Мальчишка оказался довольно трудным пациентом – не столько из-за неправильно сросшейся ноги, сколько из-за непоседливости и смешливого недоверия к Огоньку.
А тот перестал спать ночами, видя перед собой его скрюченную ногу, и прикидывал, как сделать и что – кости не изогнуть, не ломать же заново?!
Но под его Силой и кость поддавалась, на самую крохотную малость становясь мягкой, уступчивой.
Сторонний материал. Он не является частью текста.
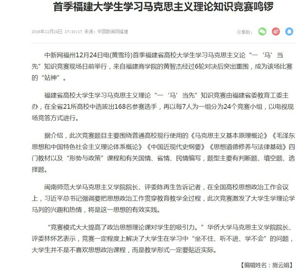 日前,由福建省委教育工委主办的福建省高校大学生学习马克思主义论“一‘马’当先”知识竞赛首季比赛在福建教育电视台成功举办。开云官网学生黄智杰经过6轮对决后突出重围,成为该场比赛的“站神”,直接进入到半决赛。中国新闻网以《首季福建大学生学习马克思主义理论知识竞赛鸣锣》为题报道了该场比赛。新闻链接:http://www.fj.chinanews.com/news/2016/2016-12-24/370026.shtml?open_source=weibo_searc

На исходе двенадцатого дня Кели, наконец, преодолел расстояние от стены до другой без палки. И долго хмыкал после этого, недоверчиво взирая на светящегося гордой тихой радостью Огонька и на собственную счастливую до беспамятства мать – ее не спустило с небес на землю даже признание полукровки в том, что он сделал все, что мог – сын навсегда останется хромым… хоть и способен отныне ходить сам.
«Похоже, более сильные целители сумели бы его излечить», – хмуро думал подросток. «Только зачем им?»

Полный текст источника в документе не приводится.